Becton 2.0 is scheduled to debut Thursday night against the Cleveland Browns in the Hall of Fame Game, an important step in his long recovery from two surgeries on his right knee. The 2020 first-round pick is slated to play 20 to 25 snaps at left tackle, probably with the backups.
He still harbors the goal of being the opening-day starter, but first things first. He has to prove to the organization -- and maybe himself -- that his twice-repaired knee is strong enough to make it through a game.
"I don't care if it's a preseason game or whatever," Becton said Tuesday. "I'm definitely treating this like a regular game."
The last time we saw Becton in a game was the 2021 season opener, when he was regarded as the Jets' long-term left tackle -- then-rookie quarterback Zach Wilson's blindside protector. A lot has changed since then. Wilson is a backup, Aaron Rodgers is here and Becton -- injured in that game and again last August -- is fighting for his NFL survival as he begins the final year of his rookie contract. He hasn't played a complete game since 2020.
His story is inspirational, as he dropped about 50 pounds (down to 350) and fought back from two knee injuries that tested his mental toughness. He said social media trolls played with his mind, admitting "the hardest part" of his recovery was "trying to get my mentals right, because you got a lot of people that say stuff about you, say little things about you.
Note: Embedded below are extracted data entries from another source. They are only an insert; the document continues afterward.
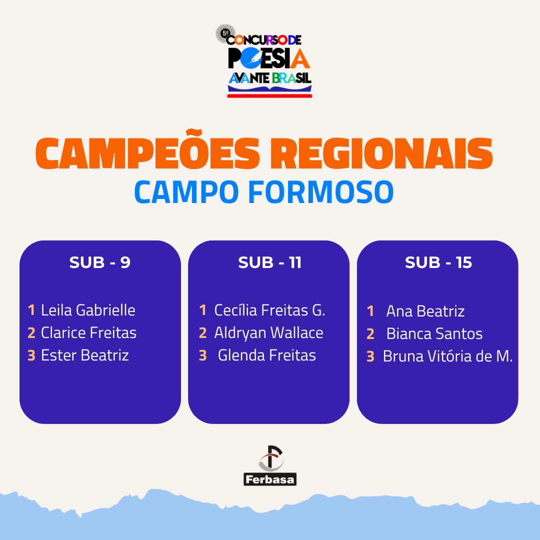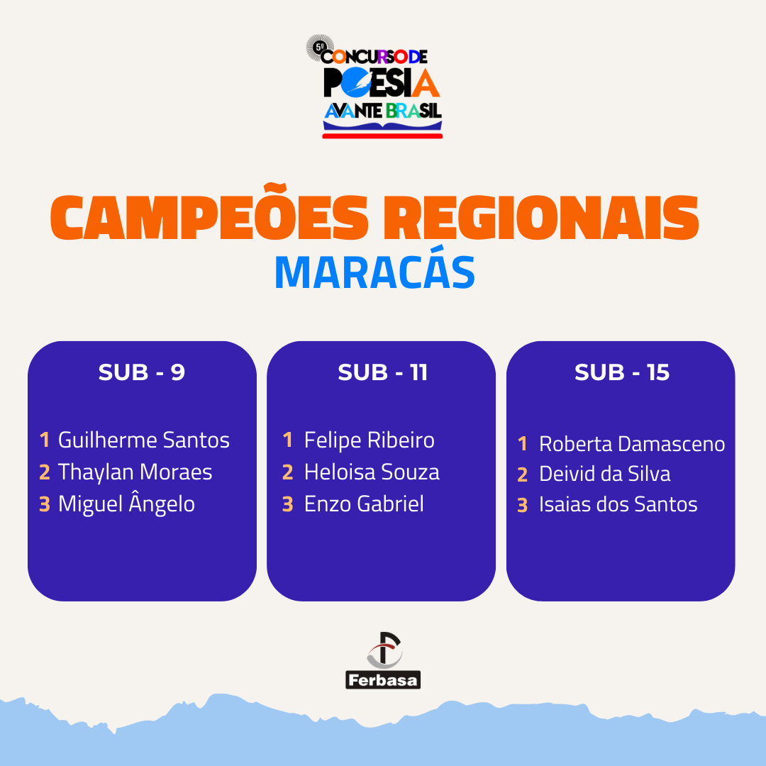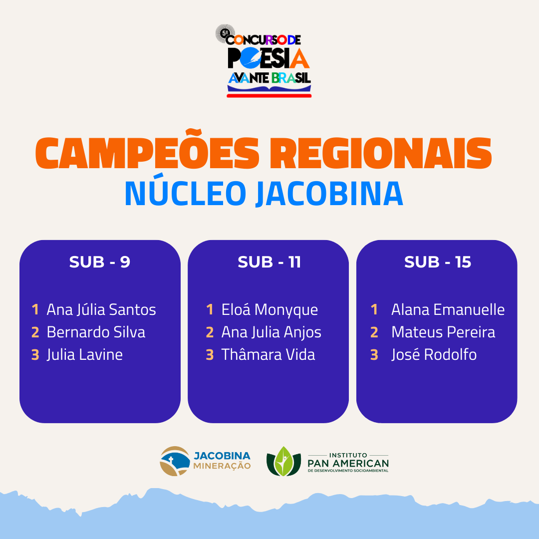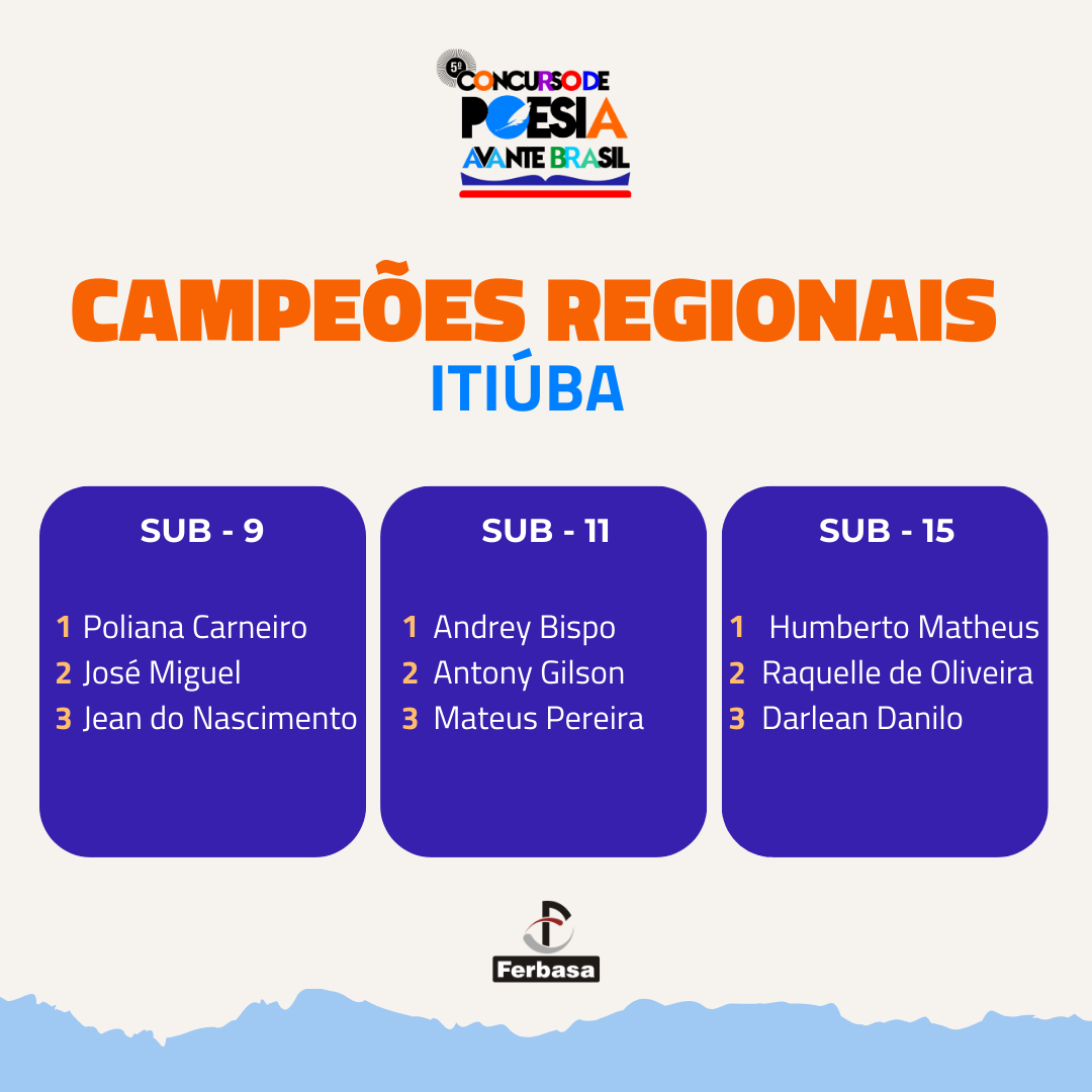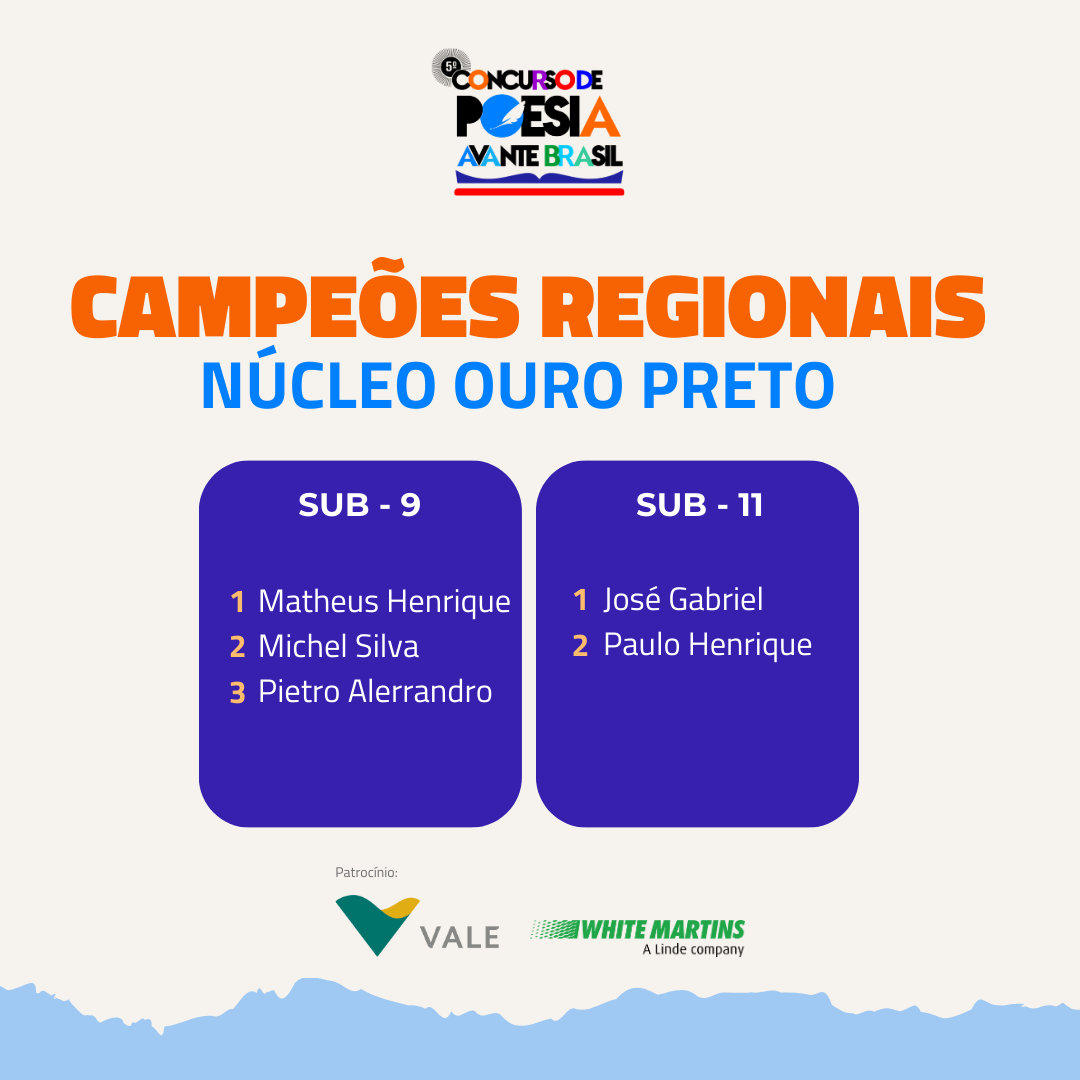A etapa regional do 5º Concurso de Poesia Avante Brasil terminou no dia 11 de março, com o tema “O esporte como forma de inclusão”, os beneficiários escreveram poesias de no máximo uma lauda. Entre os dias 12 e 14 de março, os professores dos núcleos fizeram uma pré seleção das poesias, escolhendo 5 poesias de cada categoria (sub-9, sub-11 e sub-15). Após essa seleção, no dia 18 de março as poesias foram enviadas para um banca avaliadora, que escolheu os três primeiros colocados de cada núcleo, assim montando o pódio regional.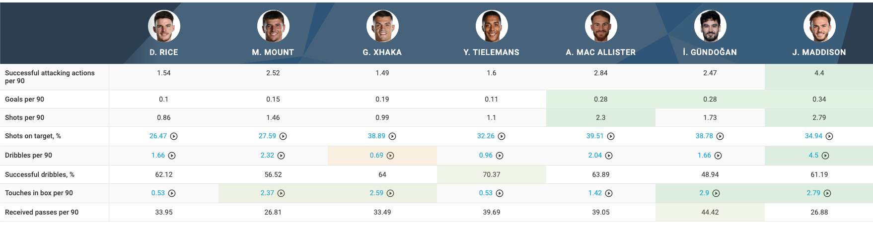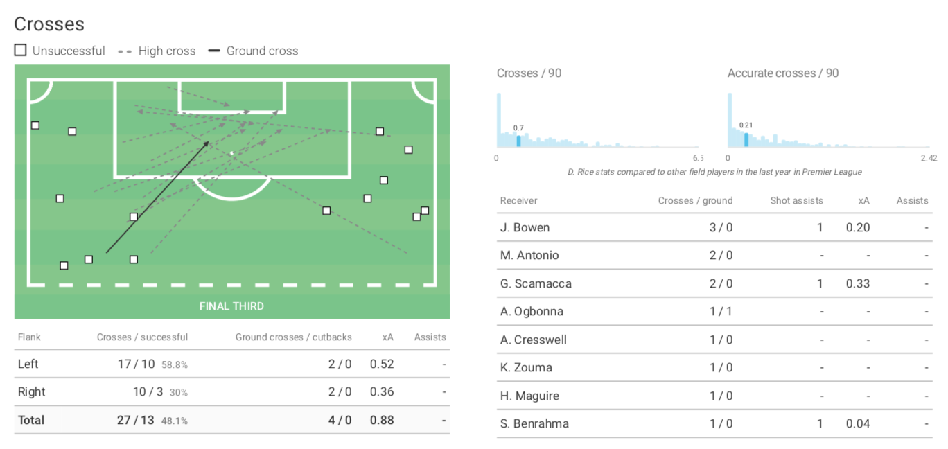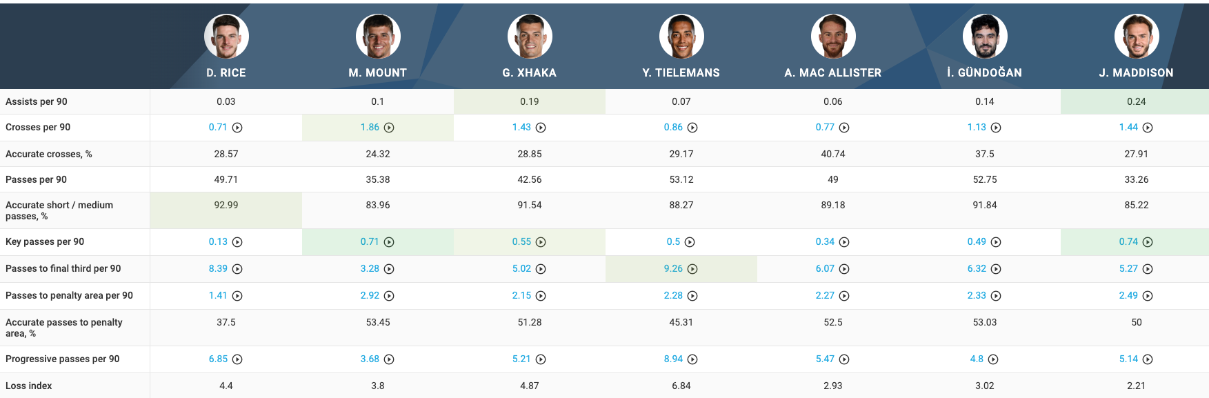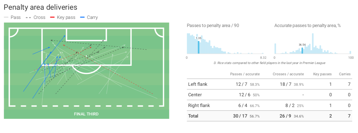 As you’ll see above, Rice has a more progression-heavy role, focused on getting the ball into the final third, while others have more responsibility within that third. Even so, there are still potential flags, namely that “accurate passes to the penalty area” percentage.
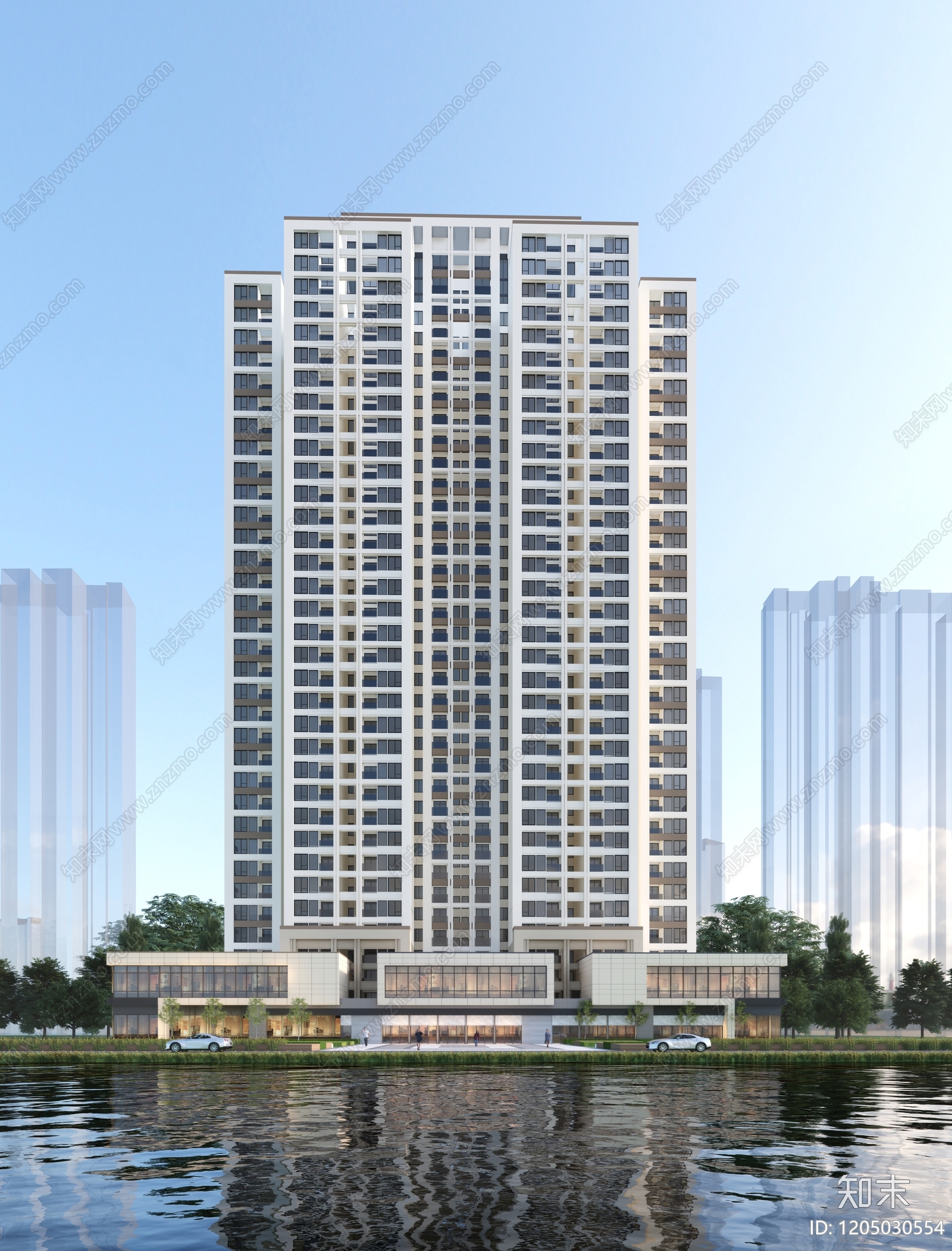 - 现代轻奢高层住宅 现代高层 新古典高层 新亚洲风格高层 高层透视 高层渲染场景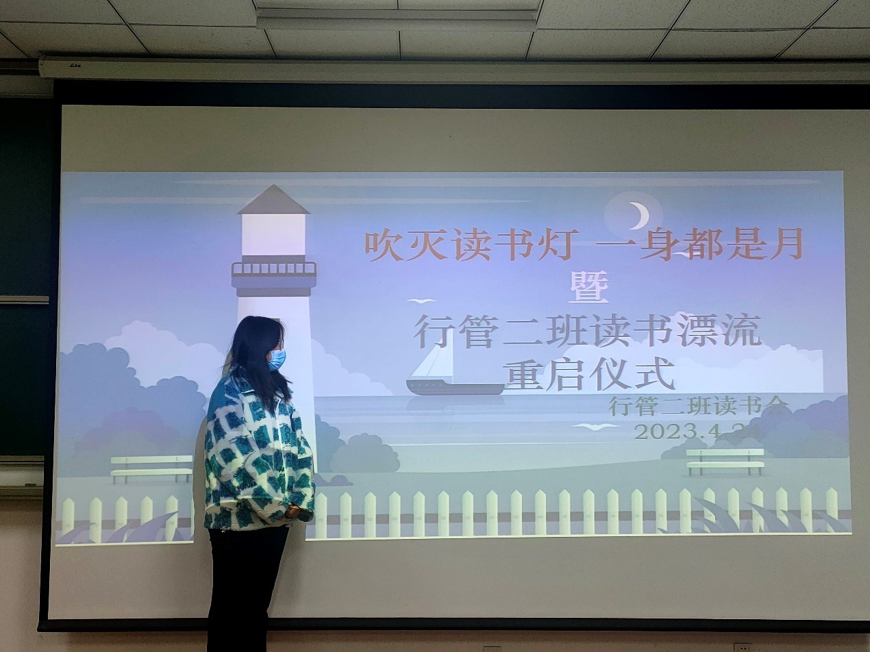 4月23日上午11时,21级行政管理二班读书漂流重启仪式在班长和学习委员的组织下如期举行,活动以“树立崇高理想,涵养浩然正气”为愿景、以“点亮读书灯,一身都是月”为主题,将培养班级同学爱读书、读好书、善读书的阅读习惯作为活动一以贯之的目标。系统地向同学们介绍了班级已有和新购入的书籍,其中包括《论美国的民主》、《新教伦理与资本主义精神》、《决策的本质》等书目。积极鼓励和倡导同学们向负责班委借阅,并以月为单位进行书籍的回流与交换,定期汇总读书随笔、集中进行线上展示和线下交流,推动班级共建共享文化风气的形成。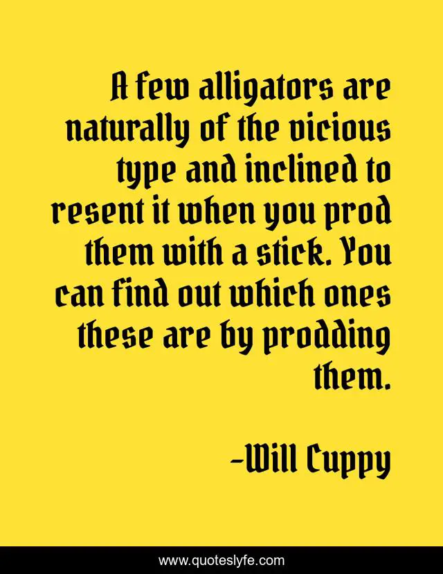 This page presents the quote "A few alligators are naturally of the vicious type and inclined to resent it when you prod them with a stick. You can find out which ones these are by prodding them.". Author of this quote is Will Cuppy. This quote is about animals, humor, reptiles,.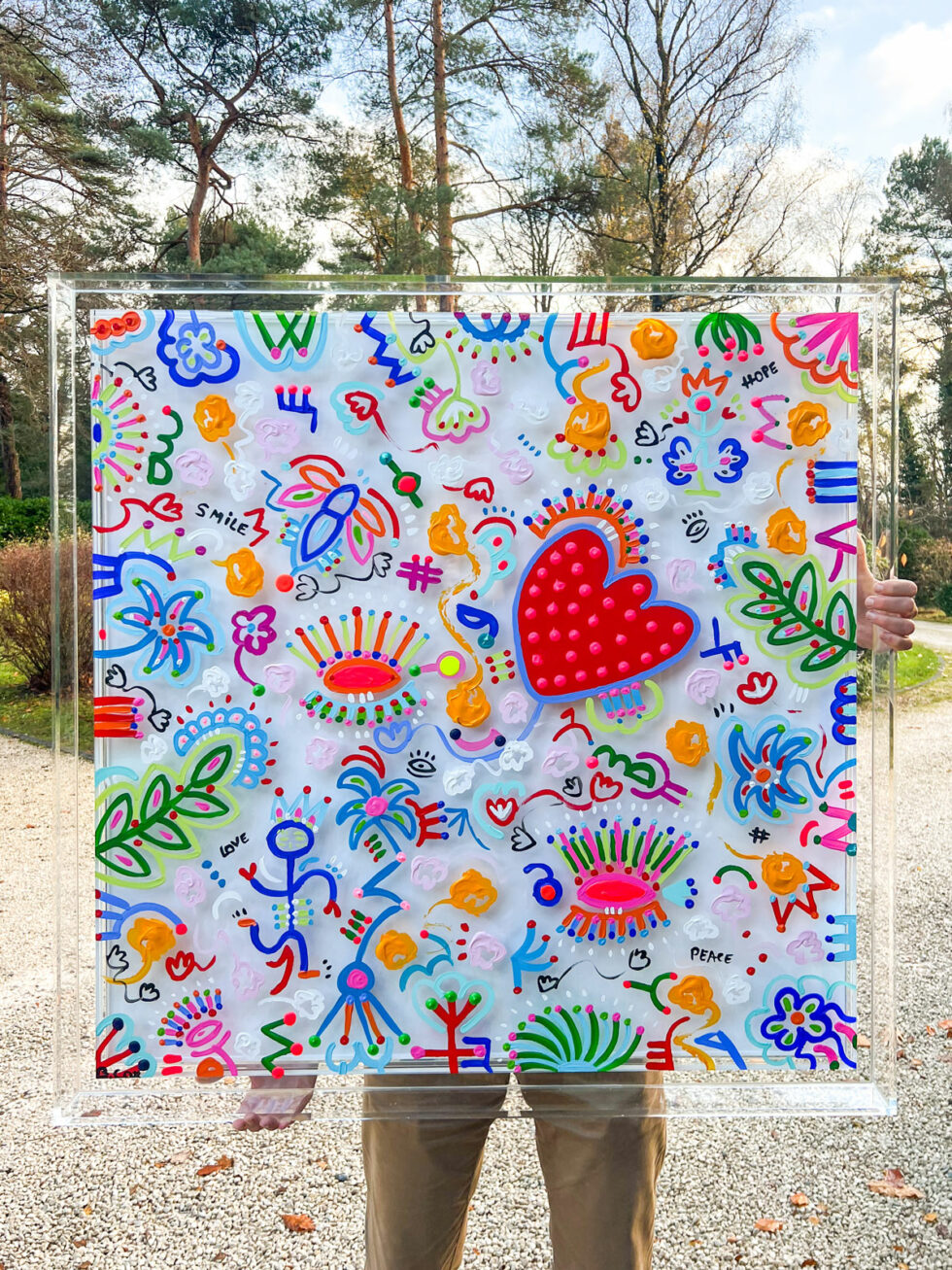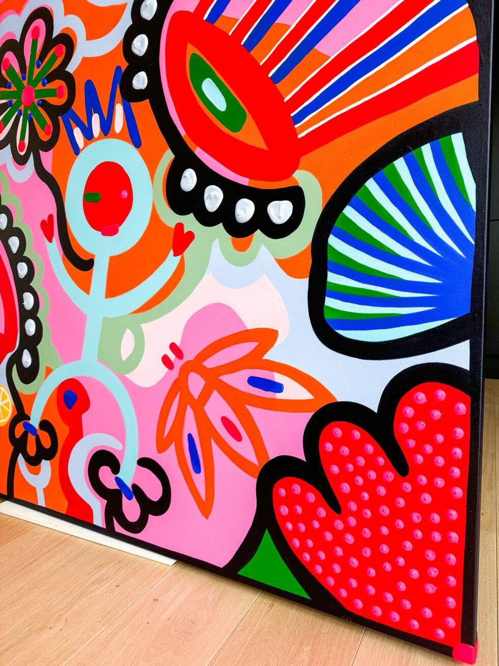 Barb’Happy, crowned little characters, also populate these canvases, where they are the Guardians of Happiness. They are a light-hearted reminder that we are all sovereigns of our own existence. We wear the crown of our lives, shaped by our decisions and dreams; true success being none other than the pursuit of happiness.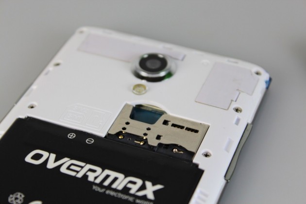Overmax Vertis AIM este un telefon dual-SIM ce acceptă un microSIM și unul de dimensiuni normale. Pe lângă acestea, smartphone-ul mai dispune și de un slot pentru carduri microSD de până la 32 GB.La nici unul dintre aceste trei elemente de conectivitate nu avem acces fără a scote acumulatorul.
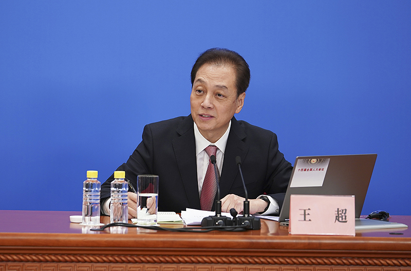 3月4日,十四届全国人大一次会议在北京人民大会堂举行新闻发布会。大会发言人王超就大会议程和人大工作相关问题回答中外记者的提问。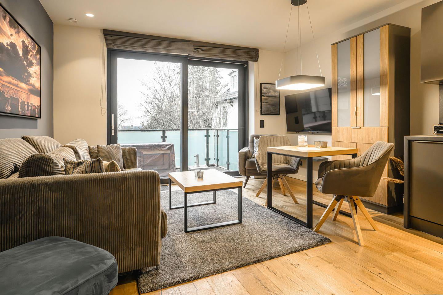 Die Ferienwohnung „Regenbogen“ verteilt sich auf 38 stilvoll und mit viel Charme eingerichteten Quadratmetern. Auch in unserer „kleinsten“ Wohnung fehlt es Ihnen an nichts. Das gemütliche Schlafzimmer ist mit einem großen Boxspringbett ausgestattet. Der Mittelpunkt dieser Wohnung ist der Wohn- und Essbereich. Hier können Sie gemütliche Kochabende zu zweit verbringen und anschließend auf dem 6 qm großen Balkon den Abendn ausklingen lassen. Wie alle Wohnungen, ist auch diese mit Fußbodenheizung und hochwertigen Möbeln ausgestattet.

I'm trying not to let words get to me."
How does he handle the critics? He does what offensive linemen are taught to do -- he blocks them.
Becton's comeback also includes a layer of controversy. In the spring, he objected to the idea of playing right tackle, tweeting, "I. AM. A. LEFT. TACKLE!!!" (The tweet was later deleted.) In May, he told Newsday the coaches were to blame for his second knee injury because they moved him to right tackle last training camp. Becton was told by his personal doctor that right tackle puts additional stress on his surgically repaired right knee.
He has softened that stance.
"I wouldn't say it was fully on (the coaches)," Becton said. "My knee was never fully healed. I didn't get the right surgery I was supposed to get. That played a part in it as well."
In 2021, he opted for a minor procedure with the hope of returning that season -- which never happened. In retrospect, he wishes he had gone for major surgery, which he believes would've resolved the issue once and for all. As it turned out, he suffered a re-injury in a 2022 training-camp practice, necessitating the more-involved procedure.
Because of residual soreness, Becton missed three practices last week, but he returned and completed the last three practices, calling them "my best few days in a while." He has practiced exclusively at left tackle, but indicated he's now willing to play any position.
"That took some maturity," he said, explaining his shift in attitude.
For now Becton will remain at left tackle, his natural spot and the position most conducive to his knee recovery. He acknowledged, "I'm still in the healing process of my recovery."
Problem is, the Jets are loaded with left tackles. Duane Brown, seven months removed from shoulder surgery, is the projected starter even though he hasn't been cleared to practice. Billy Turner and Max Mitchell, one of whom will start at right tackle, have played left tackle in camp. They also have fourth-round pick Carter Warren, who can play both sides. Becton gives them five tackles, which is a lot.
Talking to reporters on Tuesday, Becton was asked whether he'd seek a trade if he were relegated to the bench. He didn't dismiss the possibility, but added it's too early to be thinking like that. Coach Robert Saleh said Becton should be focused on his health and conditioning, not a starting job.
"The big thing for him is, rather than rush to be a first-teamer, let’s rush to see us get through a game and just have that ability to get through a game or a practice or a week," Saleh said. "There’s no denying his talent, so right now it’s just about building confidence, building strength, building the endurance. Once all that comes, then we’ll take that next step of 'All right, let’s see how he can perform with the ones.'”
The 6-foot-7 Becton said he's lighter, faster and stronger than at any point since his rookie year, when he became a social-media sensation with his highlight-film blocks. He started 13 games, tantalizing with his mix of size and raw power, but things spiraled when he hurt his knee in the '21 opener. Conditioning became a major issue, as he ballooned to about 400 pounds.
That Becton is gone. He said he feels like a new person. Now he gets a new beginning.